Facebook Faceplants

By Jim Hagarty

I have a love-hate relationship with Facebook. Lately, lotta hate.

I love the funny memes, the often-amazing pictures and videos of nature and animals, and even some of the political commentary, although I have to confess, I am pretty closed-minded to much of it. If a “friend” keeps pestering me with views about the world order with which I don’t agree, I eventually unfollow him or her. Currently, of my almost 300 friends, I am unfollowing more of them than I am following.

Here are the top five types of status updates that drive me crazy and will cause a friend to be hidden away for future reference.

  1. Memes and commentary that put down the youth of today. Apparently, anyone under 20 these days is lazy, disrespectful and glued to their phones and laptops. Oh, and their pants are too baggy, they have nose rings and tattoos. Yuk! Many of these people who are trashing today’s kids are people I knew personally when I was a kid, even some I hung around with. We were no Nobel prize winners as I recall. We drank like fish, smoked like chimneys and invented disrespect. These friends of mine who are putting down the young among us are now in their fifties, sixties and seventies. I can’t think of anything sadder than an old person criticizing young people, especially when it has been my experience that a lot of these people haven’t met any young people in a long, long time. They are reacting to what they think young people are like today.

  2. Unsolicited advice. Oh my God, this fries my bacon. Why on earth do people turn into gurus when they sign up for a Facebook account? Some of these people are relentless with their free advice and guidance for living. And behind it all, I can’t help but think is their assumption that they have an inside track to Truth that the rest of us just can’t find and it is their mission to help us guide us in the right direction. Ugh a thousand times. I don’t mind people sharing heartfelt life experiences but the preaching is killing me.

  3. The good old days. Scream!!!! Were you aware that everything was fantastic 50 years ago? Music was better, people were more helpful to each other, the Work Ethic was bred into every child and most importantly, we were all tough as cavemen. We literally ate a pound of dirt a day and liked it. We survived everything. No padded dashes and seatbelts for us. No labelling and best-before dates on food packaging. No safety regulations on anything. We swam in dirty creeks and ponds, stayed out on the streets till Mama called us in at 10 o’clock. Or later! There was no fluoride in our water and factory smoke stacks belched out real smoke and we loved it. Good for the lungs. Yes our parents and our teachers whacked the hell out of us for mostly no reason at all except to dispel their own anger but we grew up better people for it all. A moment of silence, if you will, for the good old days.

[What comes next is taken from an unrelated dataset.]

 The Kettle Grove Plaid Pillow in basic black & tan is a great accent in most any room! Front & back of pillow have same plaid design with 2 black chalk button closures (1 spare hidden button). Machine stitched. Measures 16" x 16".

  4. Cautionary memes about the cruel people around and what to do about them. How, I wonder, did so many of my friends attract such busloads of assholes with which they have had to deal their whole lives? But they have. And so I am pestered with constant suggestions regarding the quality of friendship and the lack thereof. I am told what to do when someone disrespects me or ignores me or puts me down. Where are all these people putting me down? I do not remember being surrounded by jerks at any time in the recent past. In fact, people in my life are pretty darned nice, for the most part. Maybe they chat a bit behind my back, I don’t know, and maybe I talk behind theirs. The last time I looked, this was called being human. Jesus, some people are spending all day crying their eyes out about how rotten their friends have been to them and, assuming I am going through the same thing, they share what I should do about it.

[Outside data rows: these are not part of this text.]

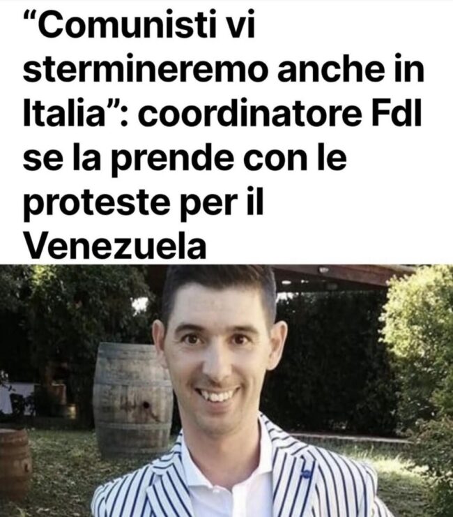 Commentando la notizia pubblicata dal quotidiano online gonews.it su una manifestazione ieri a Empoli contro l’attacco Usa al Venezuela, il Cantini ha scritto sobriamente su Facebook quanto segue: “I soliti comunisti… prima o poi vi stermineremo anche in Italia”.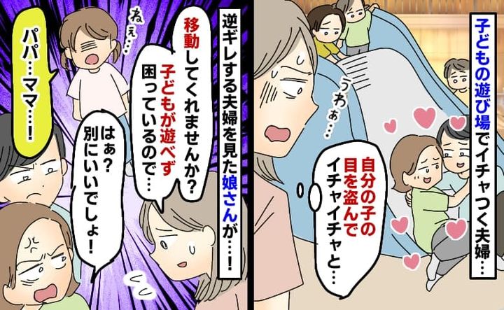 1年前の話です。ある日、家族で室内の遊び場に行くと、周りの視線を一切気にせずイチャイチャしている夫婦がいました。行動は徐々にエスカレートし、ついには迷惑な発言まで。困っていると、「パパ! ママ!」と叫ぶ女の子の声が……。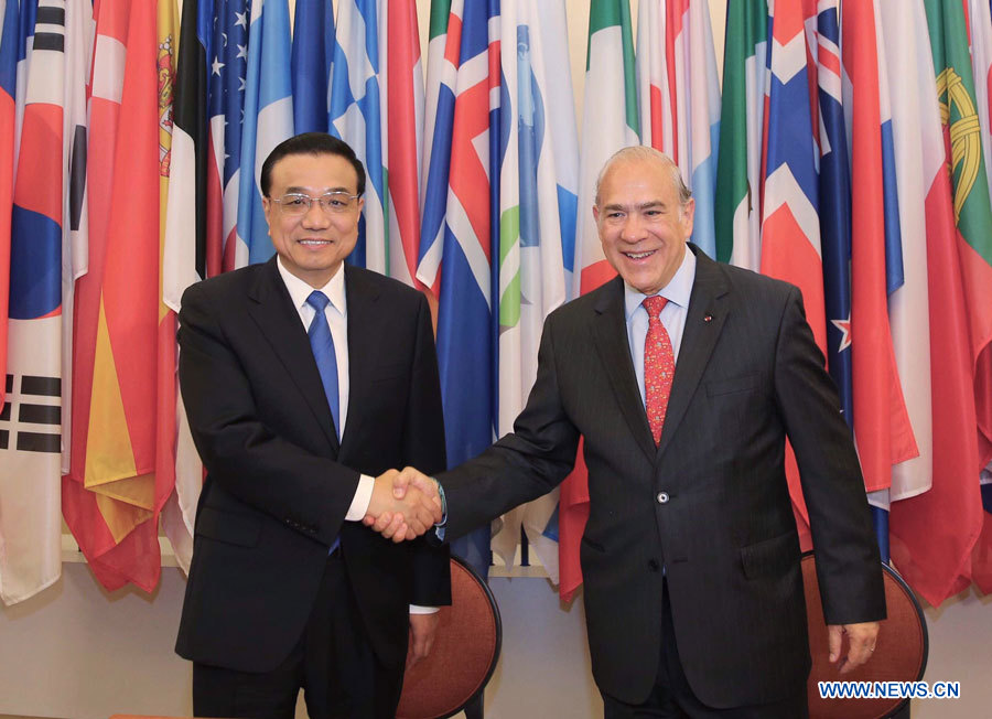 A l'occasion d'une rencontre avec le secrétaire général de l'OCDE José Angel Gurria, M. Li a salué la coopération entre la Chine et l'OCDE depuis 20 ans.

  5. Finally, there are the ever-present scolders who take every opportunity to warn me about the dangers all around me. Food is poison, is the number one truth I have been ignoring. Snoring will kill me. I need to lose weight, need to stop worrying, need to take up yoga and need to slow down. I wonder how many of my Facebook friends forget that I actually know them in real life and have known them for a long time. Not one of them, I can testify here and now, are perfect now or were perfect then. Look after yourselves, by all means, but enough with the wagging finger. Just get busy videotaping your dogs and cats and post them. Some nice photos and videos of your kids. Then please, shut the hell up!

Author: Jim Hagarty

I am a 65-year-old retired journalist, busy recovering from a lifelong career as an unretired journalist. This year marks a half century of my scratching out little fables about life. My interests include genealogy, humour and music. I live in a little blue shack in Canada and spend most of my time trying to stay out of trouble. I am not that good at it. I also spent years teaching journalism. Poor state of journalism today: My fault. I have a family I don't deserve, a dog that adores me, and two cars the junk yard refuses to accept. My prized possessions include my old guitar and a razor my Dad gave me when I was 14 and which I still use when I bother to shave. Oh, and my great-great-grandfather's blackthorn stick he brought from Ireland in the 1850s. I have only one opinion but it is a good one: People take too many showers.